▸ **Activity**: Restate, word for word and with no pictures, the stretch of lines in the data below that begins at the line with "3、在彈出的界面里,依次填寫" and ends at the line with "完成したところで、まずは試しに園庭であげてみます☺", inclusive.

▸ **Input records**:
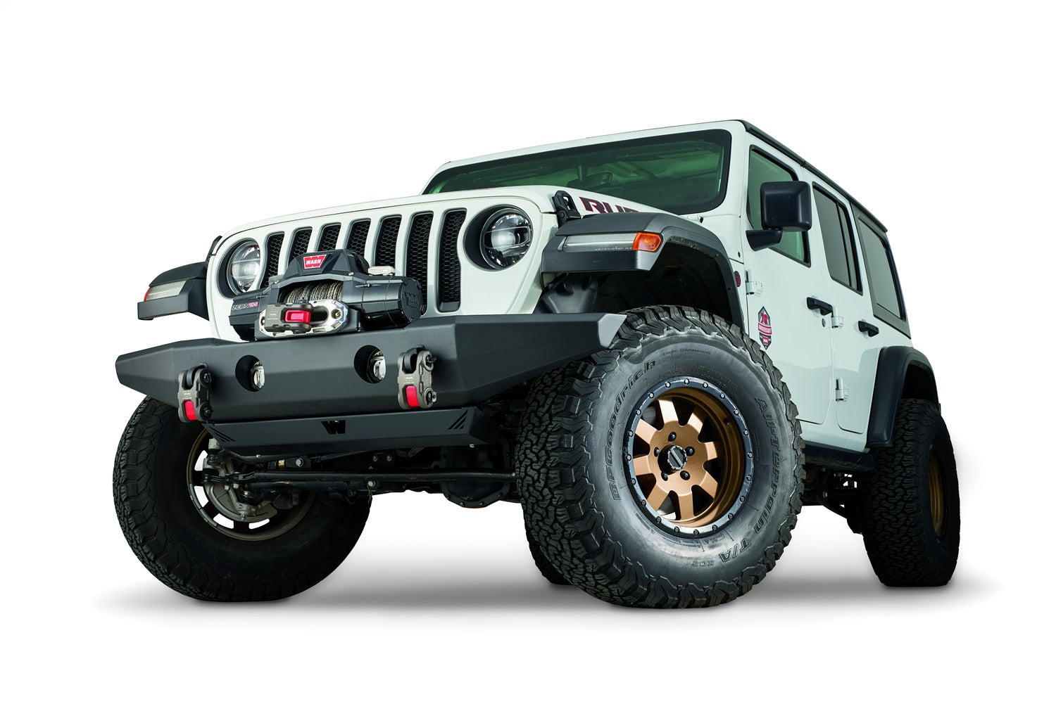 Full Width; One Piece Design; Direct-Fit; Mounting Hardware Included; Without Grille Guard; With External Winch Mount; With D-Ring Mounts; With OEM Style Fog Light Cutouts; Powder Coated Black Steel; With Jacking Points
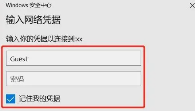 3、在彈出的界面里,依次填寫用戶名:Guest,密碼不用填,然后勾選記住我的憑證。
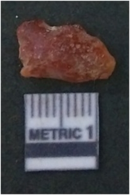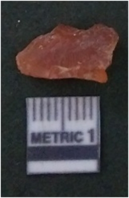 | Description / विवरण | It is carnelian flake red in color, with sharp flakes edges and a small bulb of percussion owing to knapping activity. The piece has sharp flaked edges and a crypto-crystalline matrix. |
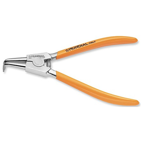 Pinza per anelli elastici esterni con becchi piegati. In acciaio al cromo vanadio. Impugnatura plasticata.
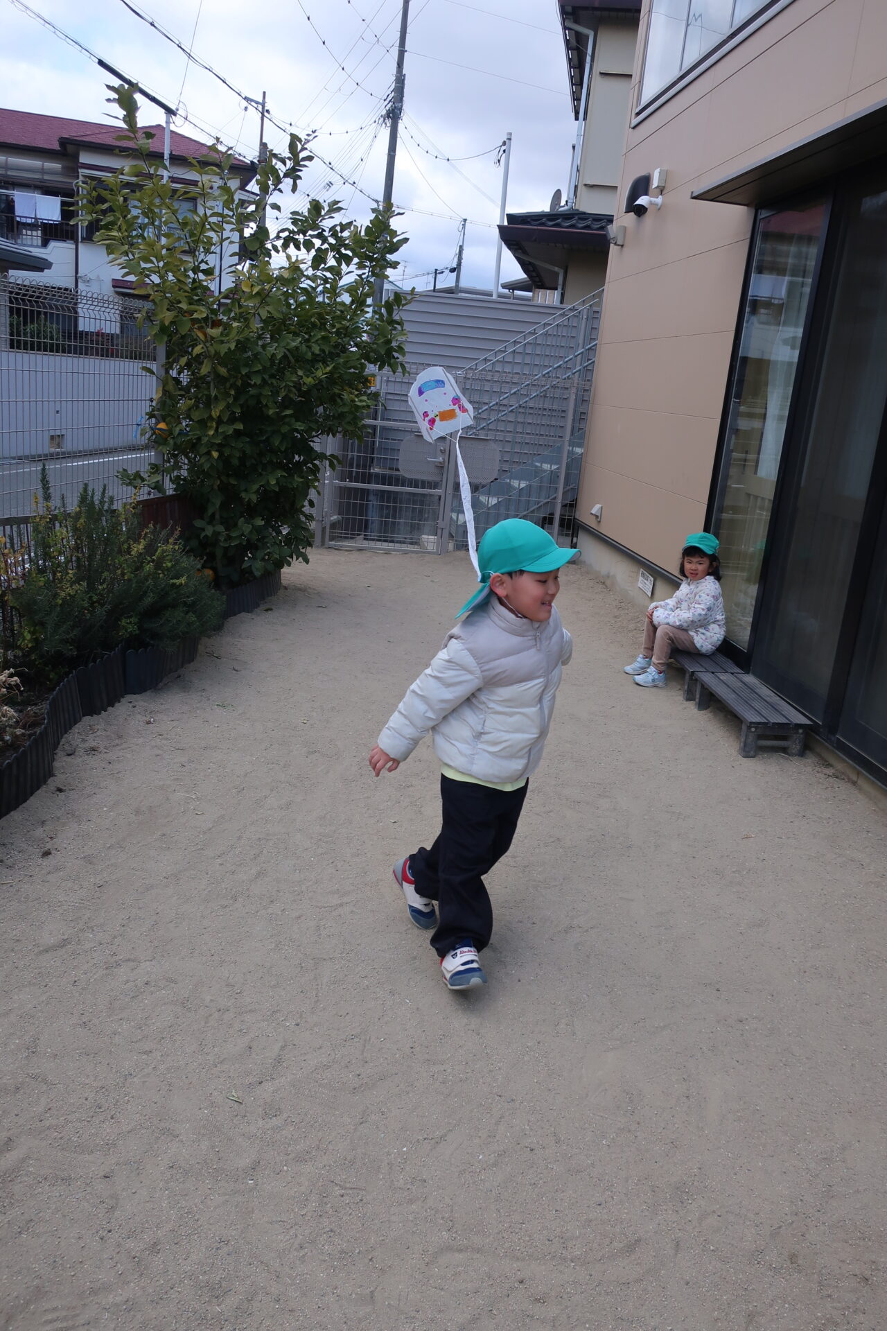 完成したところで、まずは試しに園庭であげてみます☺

--

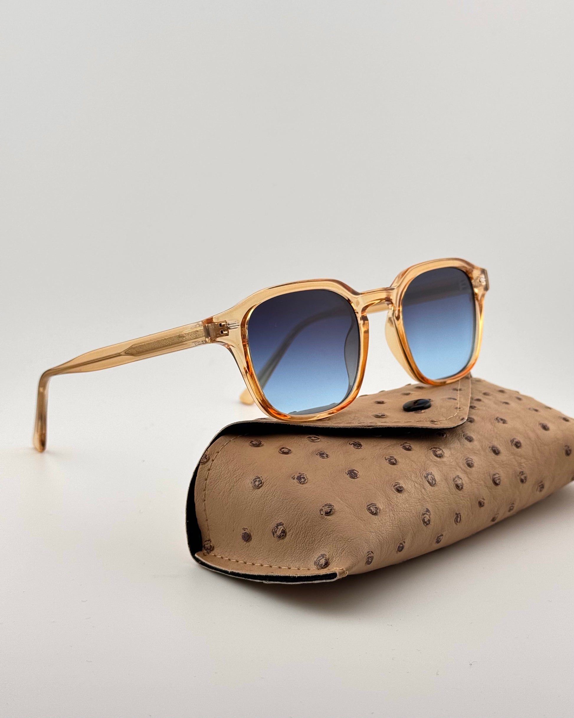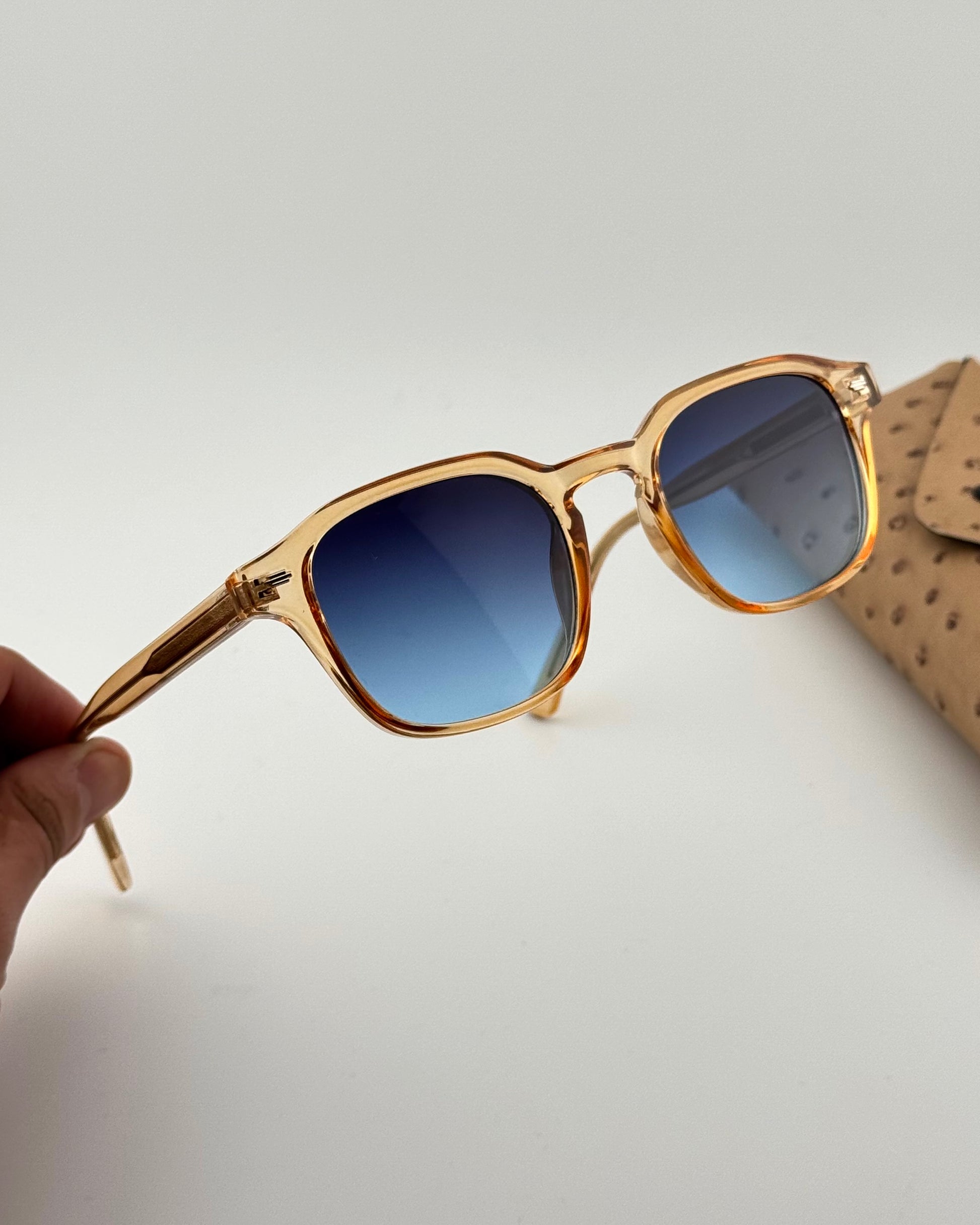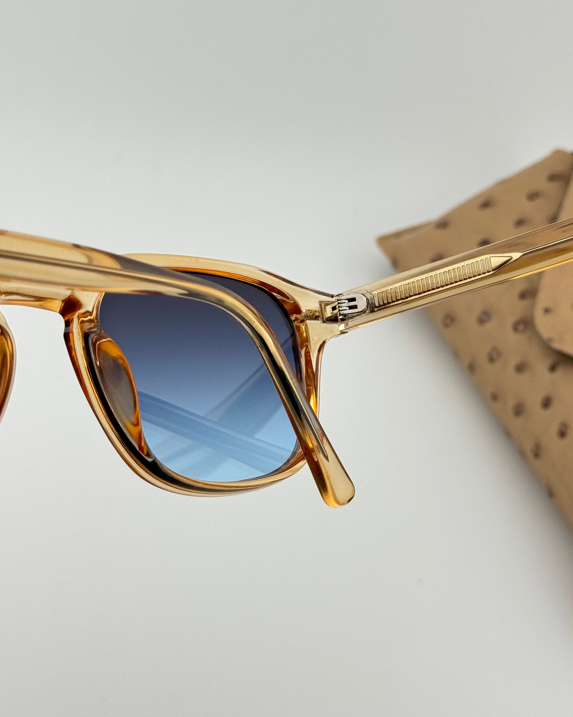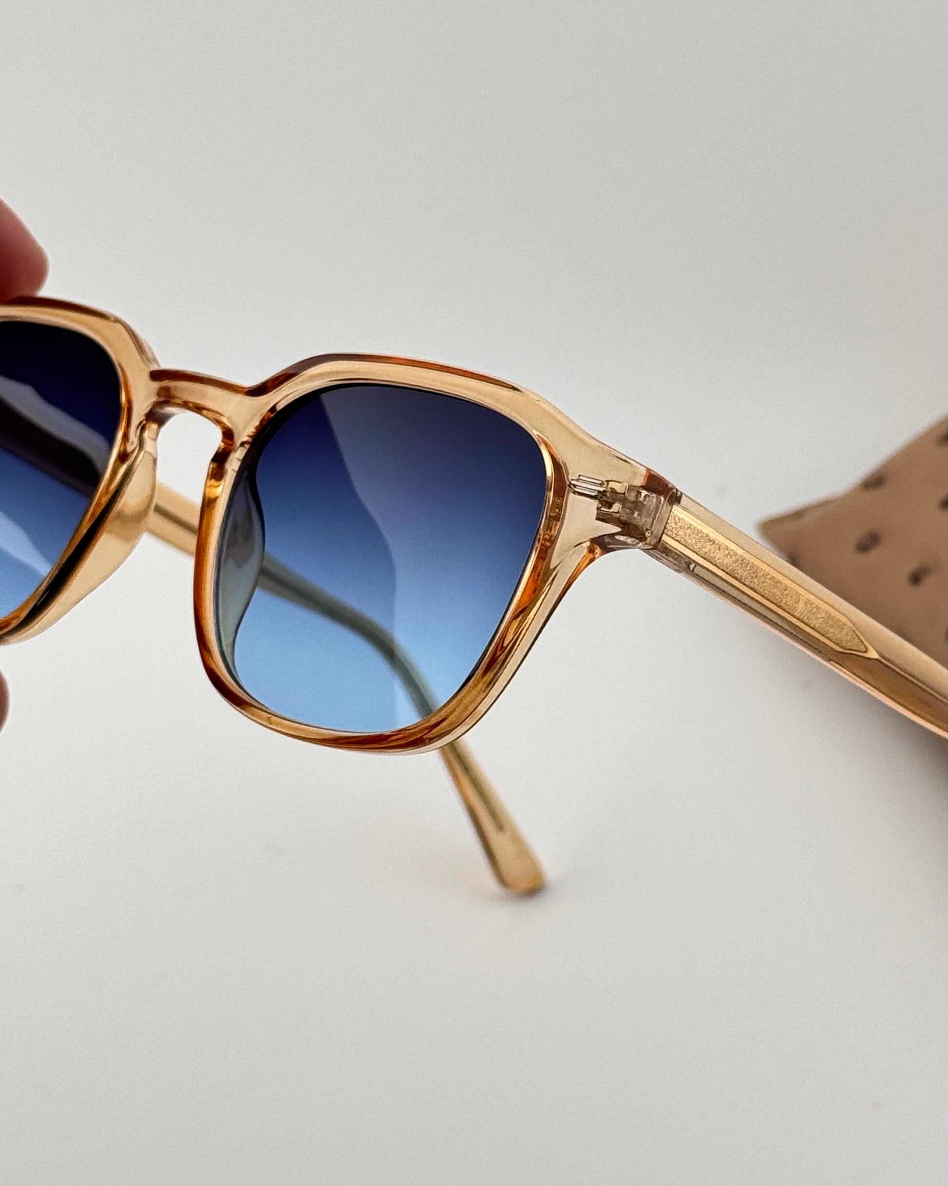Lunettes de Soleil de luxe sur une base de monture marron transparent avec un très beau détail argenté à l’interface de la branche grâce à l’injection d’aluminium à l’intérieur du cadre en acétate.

▸ **Result of this task**:
 3、在彈出的界面里,依次填寫用戶名:Guest,密碼不用填,然后勾選記住我的憑證。
 | Description / विवरण | It is carnelian flake red in color, with sharp flakes edges and a small bulb of percussion owing to knapping activity. The piece has sharp flaked edges and a crypto-crystalline matrix. |
 Pinza per anelli elastici esterni con becchi piegati. In acciaio al cromo vanadio. Impugnatura plasticata.
 完成したところで、まずは試しに園庭であげてみます☺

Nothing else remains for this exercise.